Data below:
============================================================
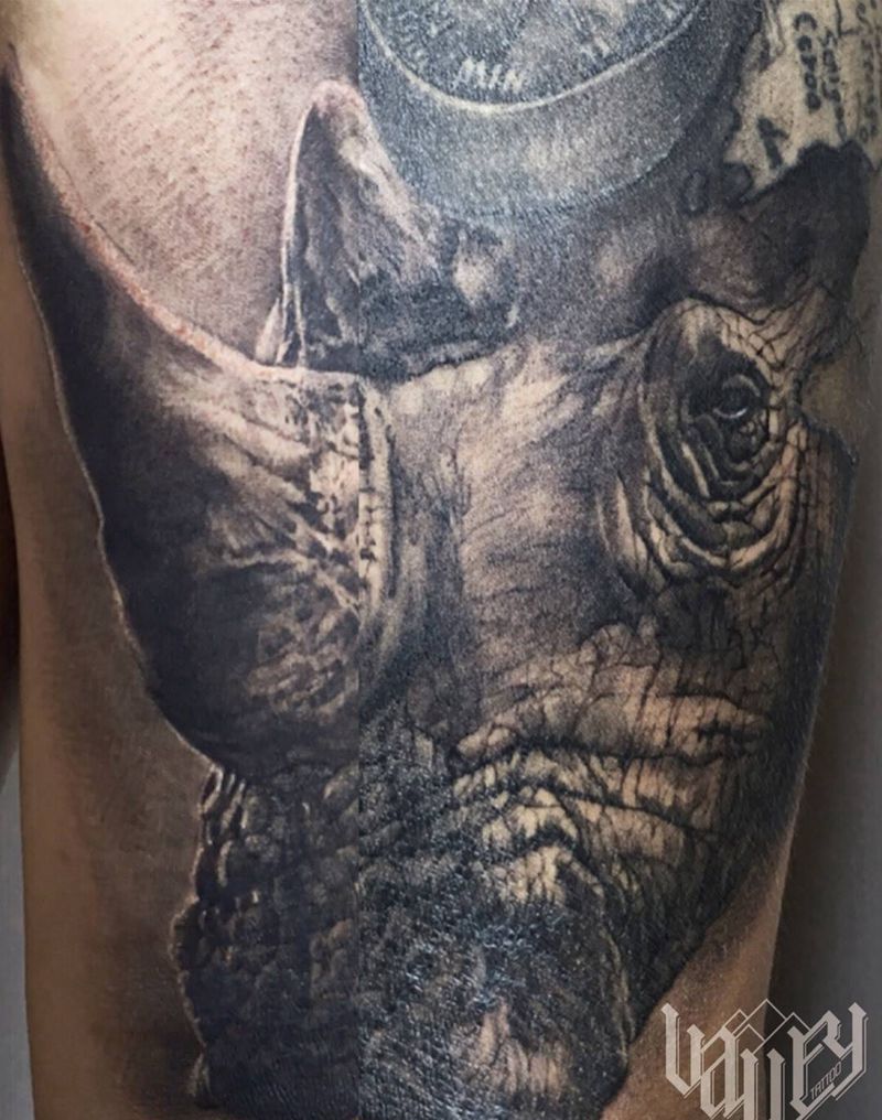 当前位置: 首页 >天津市纹身店-天津山谷刺青纹身图案>写实犀牛纹身图片_手臂欧美写实纹身图案
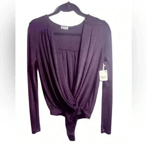 NWT Free People “turnt” long sleeve black slinky v neck sleek bodysuit XS
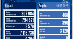 Azərbaycanda son sutkada koronavirus infeksiyasına 468 yeni yoluxma faktı qeydə alınıb, 396 nəfər müalicə olunaraq sağalıb. "COVID-19-dan ölən...
============================================================
Task objective: Write out exactly the lines running from the one with "NWT Free People" through the end of the material, both ends included, while leaving the pictures out.

Answer box:
 NWT Free People “turnt” long sleeve black slinky v neck sleek bodysuit XS
 Azərbaycanda son sutkada koronavirus infeksiyasına 468 yeni yoluxma faktı qeydə alınıb, 396 nəfər müalicə olunaraq sağalıb. "COVID-19-dan ölən...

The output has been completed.